Legal guide to employee options and share schemes
Mon 11 December 2023
Practical steps when setting up employee share options and schemes
- Choose the right type of scheme - there are 3 main types of employee share schemes: employee share ownership plans (ESOPs), share incentive plans (SIPs), and share purchase plans (SPPs).
- Design the scheme - to meet its objectives and to ensure that it complies with all applicable laws and regulations.
- Market the scheme - to ensure employees are aware of the benefits of participating in the scheme.
- Administer the scheme -appoint an administrator to be responsible for managing the scheme, including issuing shares, collecting payments, and keeping records.
Legal work involved
There are a number of legal requirements that must be complied with when setting up employee share options and schemes in the UK. This includes:
- Obtaining shareholder approval: The company must obtain shareholder approval for the scheme before it can be implemented. This is typically done by a special resolution, which requires a majority of the votes cast by shareholders.
- Drafting and registering the scheme document: The company must draft and register a scheme document, which sets out the terms of the scheme. T
- Obtaining tax clearance: The company must obtain tax clearance from HMRC before the scheme can be implemented. This is to ensure that the scheme complies with tax law.
- Providing information to employees: The company must provide employees with information about the scheme, including the terms of the scheme and the risks involved.
Risks for employees
- Illiquidity - employees may end up locked in, with their shares not readily available to sell..
- Company performance - the value of shares will depend on the performance of the company, and employees could lose money if the company performs poorly and they have already bought shares.
- Capital gains tax - Employees may be liable to pay capital gains tax when they sell their shares.

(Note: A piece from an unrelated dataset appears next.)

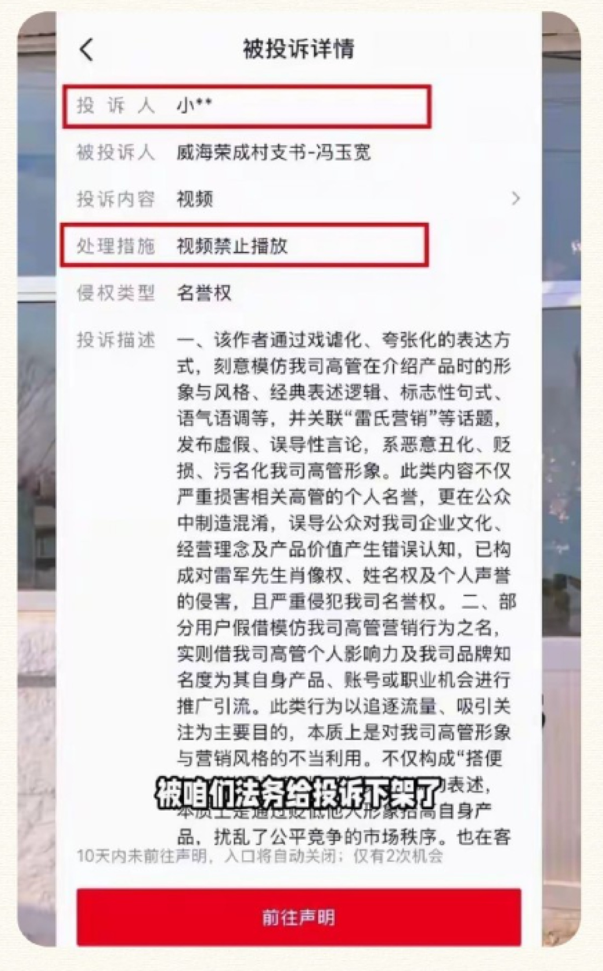 小米公司的投訴描述為,“該作者通過戲謔化、夸張化的表達方式,刻意模仿我司高管在介紹產品時的形象與風格、經典表述邏輯、標志性句式、語氣語調等,并關聯‘雷氏營銷’等話題,發布虛假、誤導性言論,系惡意丑化、貶損、污名化我司高管形象……已構成對雷軍先生肖像權、姓名權及個人聲譽的侵害,且嚴重侵犯我司名譽權等”。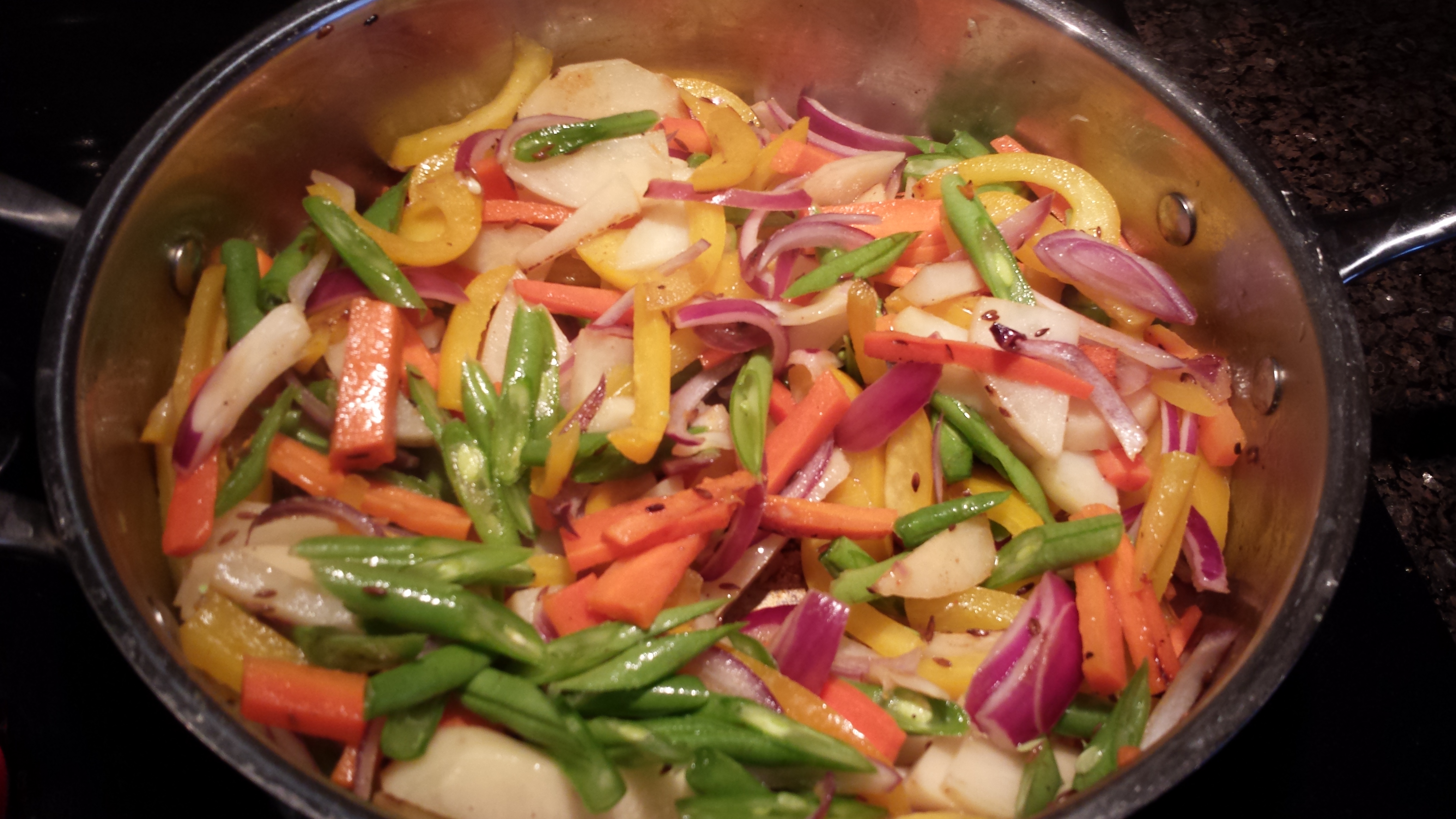 1. In a large non-stick pan, heat oil on medium heat. Add cumin seeds to the oil. When the seeds start to pop, add all the vegetables and saute on medium heat for 5 mins. Reduce the heat to a low setting. Add salt to the mixture and cover, allowing the vegetables to cook slowly. Stir the mixture every few minutes.

- Income tax: Employees may be liable to pay income tax on the value of shares that are granted to them under a share option scheme.
- Bad leaver penalties - One of the most common risks for employees is that they will forfeit their unvested shares if they leave their job before the vesting period is over.or the sale proce of shares already bought may be lowered by leaver provisions. Reasons might include being dismissed for misconduct, resigning without giving proper notice, or taking a job with a competitor.
- Dilution - Leaver provisions can also dilute the ownership of existing shareholders. This is because the company will issue new shares to the departing employee in exchange for their unvested shares. This can reduce the proportion of the company that each existing shareholder owns.